Prime Minister's Spokesperson and the Deputy Head of the Prime Minister's Office
- In office 15 September 2015 – 19 March 2018
- Prime Minister: Ranil Wickremesinghe

State Minister for Child Affairs
- In office 12 January 2015 – 17 August 2015

Member of Parliament for Colombo District
- In office 22 April 2010 – 26 June 2015
- Majority: 66,357 Preferential Votes

Leader of the opposition of the Western Province Provincial Council
- In office 2009–2010

Sri Lankan High Commissioner to Malaysia
- In office 2001–2004

Personal details
- Born: 5 January 1958 (age 68) Colombo, Dominion of Ceylon
- Party: United National Party
- Spouse: Athula Senanayake
- Children: Kanishka Thisakya Radhya
- Alma mater: Ferguson High School, Ratnapura
- Occupation: Politician
- Title: Mrs. World 1984 (First Mrs.
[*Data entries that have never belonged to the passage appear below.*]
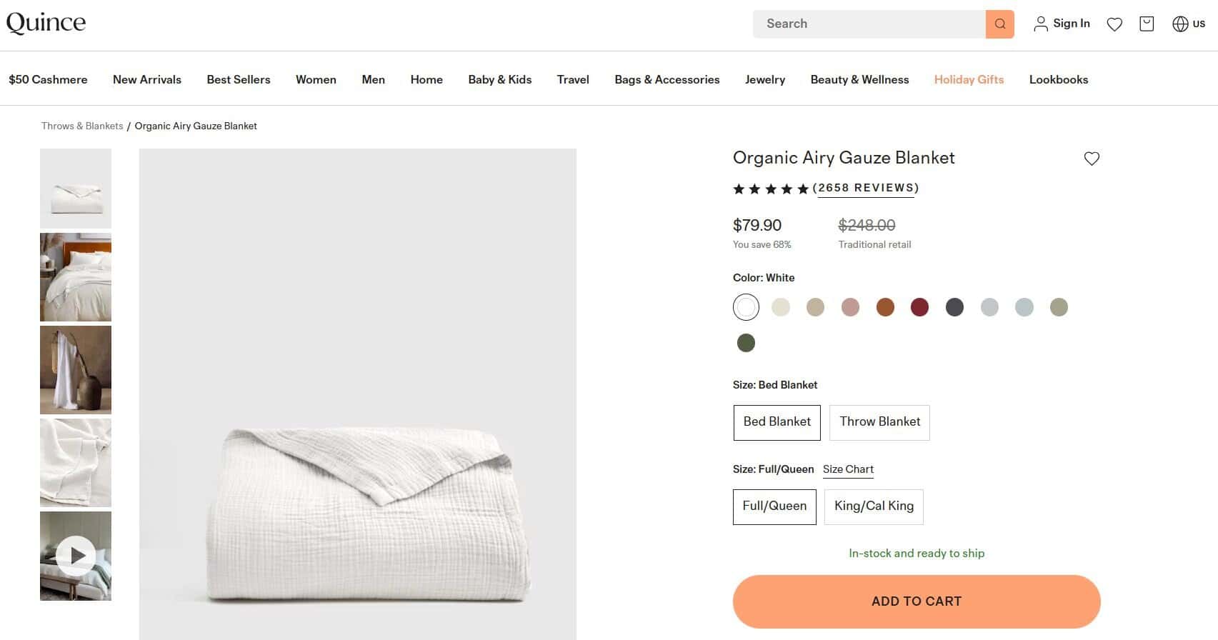 Best Sustainable: Quince Organic Airy Gauze Blanket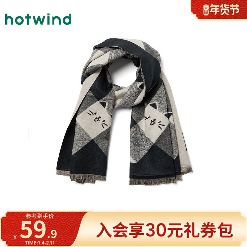 热风2025年冬季新款女士格纹小猫梭织围巾可爱学院风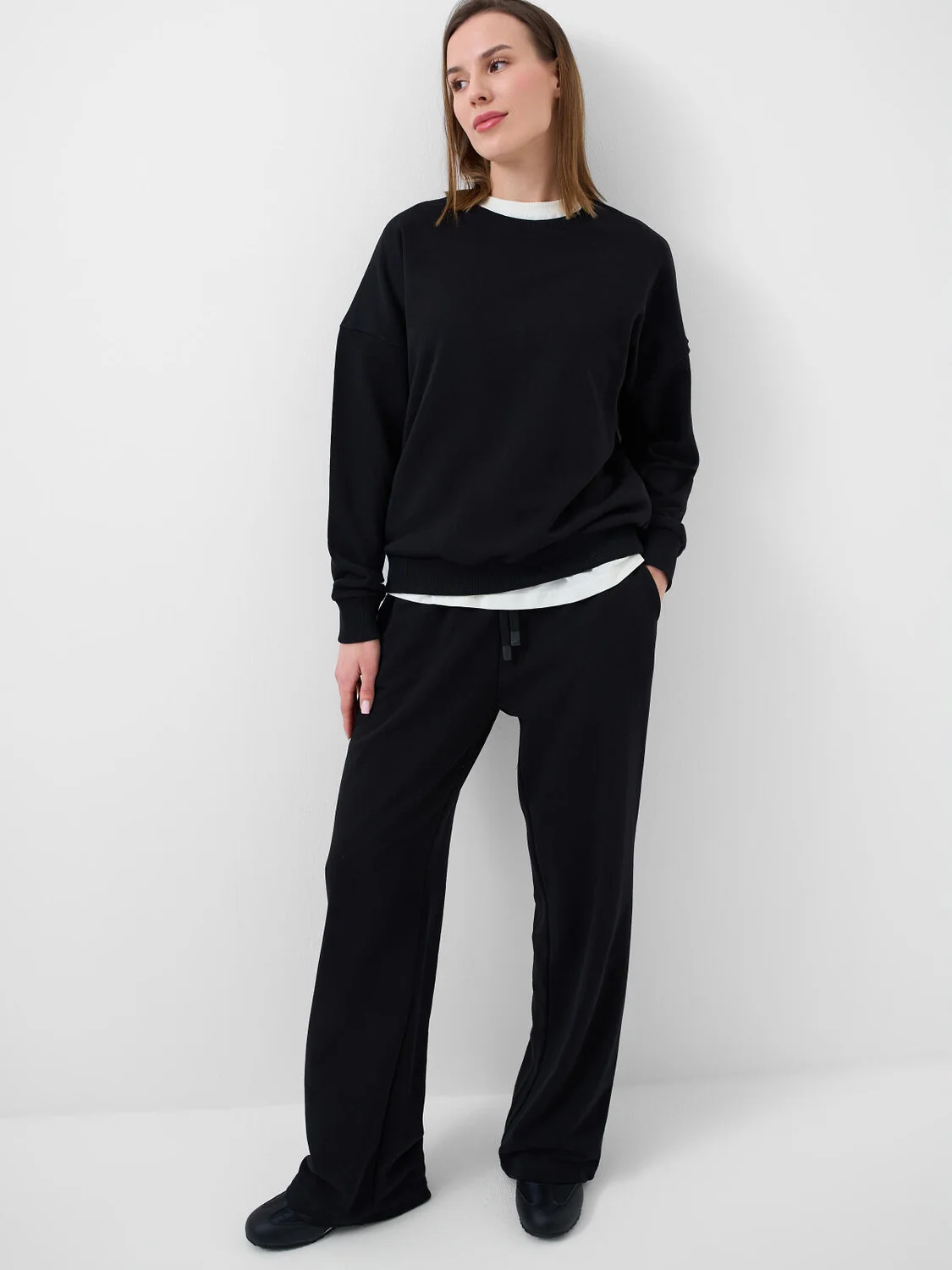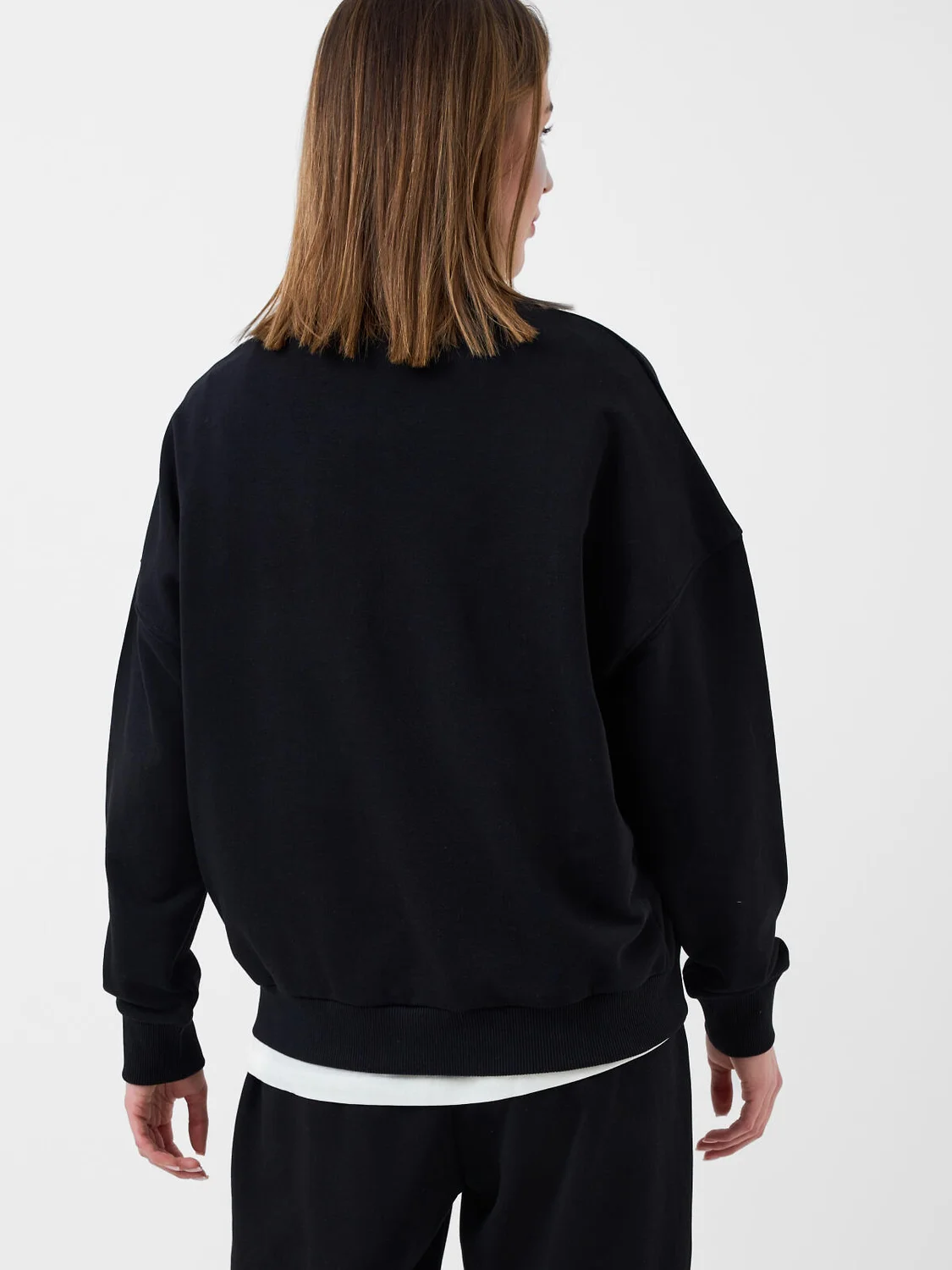 Женский черный свитшот оверсайз. Выполнен из хлопкового футера без начеса. Горловина, манжеты и низ изделия выполнены из эластичного риба, что обеспечивает комфортную посадку.

World), Miss Asia Pacific International 1981, Miss World Sri Lanka 1980

= Rosy Senanayake =

Sri Lankan politician

Bernadine Rose Senanayake, JP, UM (née Ramanayake; born 5 January 1958), better known as Rosy Senanayake, is a Sri Lankan politician, beauty pageant titleholder and activist currently serving as Presidential Advisor on Local Government affairs. She was the Mayor of Colombo from 2018 to 2023, and former Prime Minister's Spokesperson and the Deputy Head of the Prime Minister's Office for Ranil Wickramasinghe. She has been an activist on several issues and an active figure in the opposition gaining much limelight.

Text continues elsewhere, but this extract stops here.